Data records:
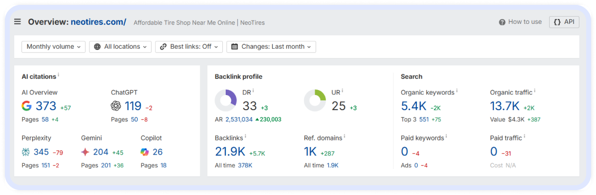 Screenshot from Ahrefs showing NeoTires.com backlink profile with metrics like domain rating, referring domains, backlinks, AI citations, organic keywords, and traffic growth.
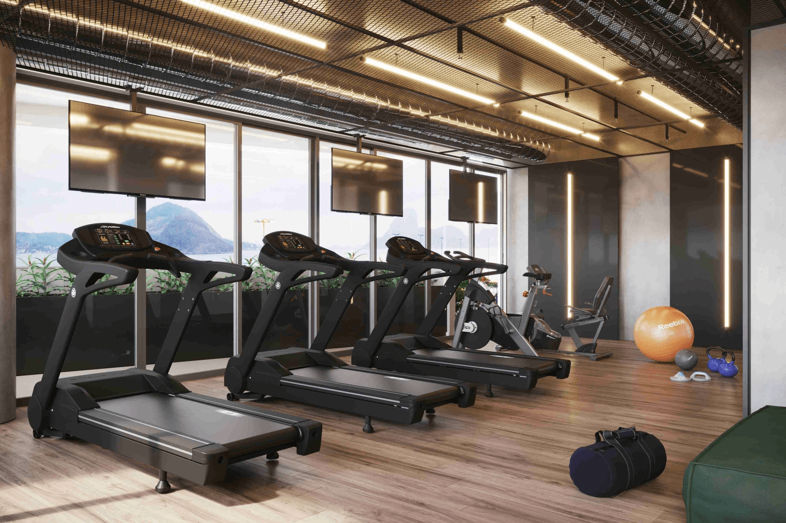 Para os empreendimentos com espaços disponíveis, os arquitetos devem projetar espaços amplos, se possível integrando o ambiente externo e aliando a tecnologia à prática dos exercícios.
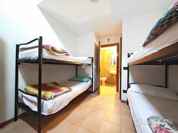 Al piano terra appena entrati un atrio di ingresso di ben 28 mq ci accoglie e ci accompagna a due stanze di circa 17 mq l'una che ospitano vari letti a castello. Completa il piano due bagni.
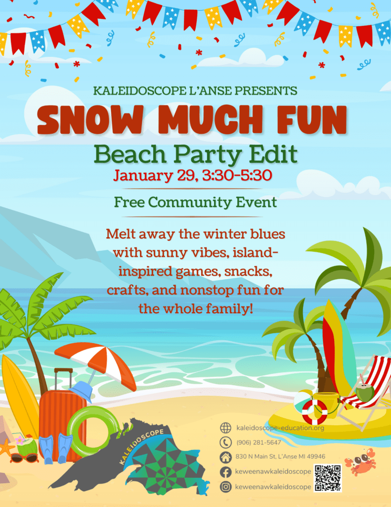 Join us for our annual winter fun bash from 3:30-5:30 at Kaleidoscope L’Anse!
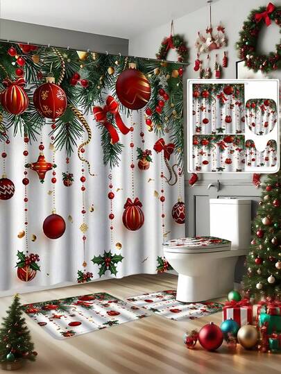 4 件套圣诞浴室装饰套装,防水节日浴室套装,带马桶座套、防滑地毯和垫子,采用涤纶织物制成,防水,带 12 个挂钩,可机洗 - 浴室配件 - 彩色 - 查看 1
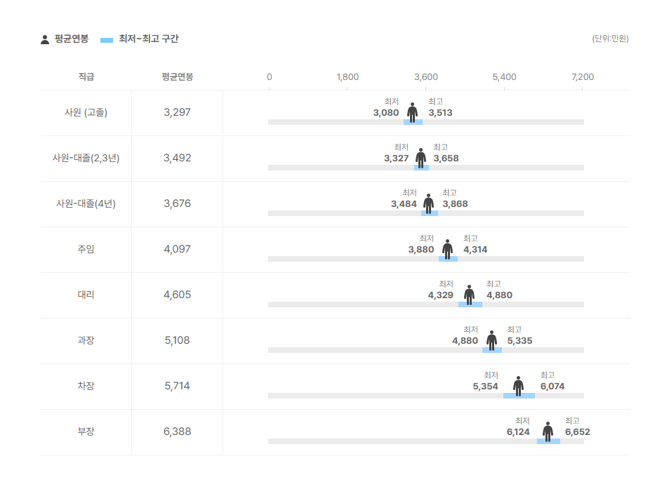 직급별 연봉 정보도 확인을 해보았는데요.

> _PROBLEM TO SOLVE_
Beginning with the line that contains "Join us for" and ending with the last line of the data, transcribe each line exactly; pictures stay out.

> _EXERCISE RESULT_
 Join us for our annual winter fun bash from 3:30-5:30 at Kaleidoscope L’Anse!
 4 件套圣诞浴室装饰套装,防水节日浴室套装,带马桶座套、防滑地毯和垫子,采用涤纶织物制成,防水,带 12 个挂钩,可机洗 - 浴室配件 - 彩色 - 查看 1
 직급별 연봉 정보도 확인을 해보았는데요.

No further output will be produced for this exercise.